1. Crawl website pictures

Before crawling website images, we need to analyze the structure of the website. We can use the browser's developer tools to view the source code of the website. After opening the website, we can click "Tools" - "Developer Tools" in the menu bar of the browser, then switch to the "Network" tab, refresh the page, and we can see the request of the website.

By looking at the request, we can see that the pictures of the website are obtained through the following interface: http://www.cgtpw.com/ctmn/ajax.php?act=ctmn&cat_id=0&page=1. Among them, page represents the page number. We can get pictures of different pages by modifying the value of page.

After understanding the structure of the website, we can start writing Java programs to crawl the pictures of the website.

2. Download pictures asynchronously

When crawling pictures, we need to pay attention to two issues: the number of downloaded pictures and the speed of downloading pictures. If you download a large number of pictures at one time, it will take up too much memory and network bandwidth, causing the program to run slowly. In addition, if the download speed is too slow, it will also affect the operating efficiency of the program. Therefore, we need to use asynchronous download technology to solve this problem.

Java provides a variety of ways to download images asynchronously, such as using thread pools, using CompletableFuture in Java 8, and so on. This article will introduce the use of CompletableFuture in Java 8 to download images asynchronously.
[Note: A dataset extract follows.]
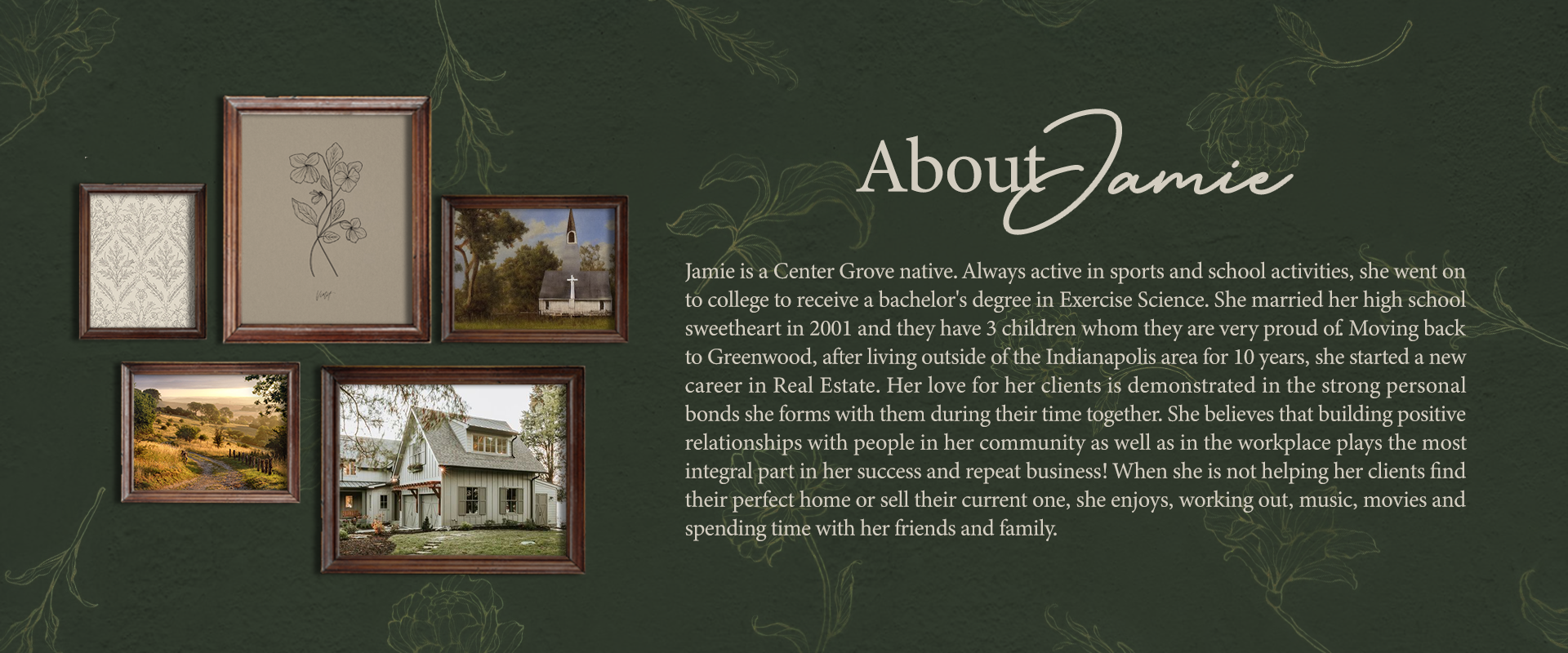 Jamie is a Center Grove native. Always active in sports and school activities, she went on to college to receive a bachelor's degree in Exercise Science. She married her high school sweetheart in 2001 and they have 3 children whom they are very proud of. Moving back to Greenwood, after living outside of the Indianapolis area for 10 years, she started a new career in Real Estate. Her love for her clients is demonstrated in the strong personal bonds she forms with them during their time together. She believes that building positive relationships with people in her community as well as in the workplace plays the most integral part in her success and repeat business! When she is not helping her clients find their perfect home or sell their current one, she enjoys, working out, music, movies and spending time with her friends and family.

First, we need to create a method to download the image. This method accepts a picture URL as a parameter and returns a CompletableFuture object, which is used to download pictures asynchronously. code show as below:

private static CompletableFuture<Void> downloadImage(String imageUrl) {
    return CompletableFuture.runAsync(() -> {
        try {
            URL url = new URL(imageUrl);
            HttpURLConnection conn = (HttpURLConnection) url.openConnection();
            conn.setRequestMethod("GET");
            conn.setConnectTimeout(5000);
            conn.setReadTimeout(5000);
            conn.connect();
            if (conn.getResponseCode() == HttpURLConnection.HTTP_OK) {
                String fileName = imageUrl.substring(imageUrl.lastIndexOf("/") + 1);
                File file = new File("images/" + fileName);
                InputStream inputStream = conn.getInputStream();
                FileOutputStream outputStream = new FileOutputStream(file);
                byte[] buffer = new byte[1024];
                int len = -1;
                while ((len = inputStream.read(buffer)) != -1) {
                    outputStream.write(buffer, 0, len);
                }
                inputStream.close();
                outputStream.close();
                System.out.println("Downloaded: " + fileName);
            } else {
                System.out.println("Failed to download: " + imageUrl);
            }
        } catch (Exception e) {
            System.out.println("Failed to download: " + imageUrl + ", " + e.getMessage());
}
});
}

This method downloads images asynchronously and saves them in the images directory. If the download is successful, print "Downloaded: file name", otherwise print "Failed to download: image URL".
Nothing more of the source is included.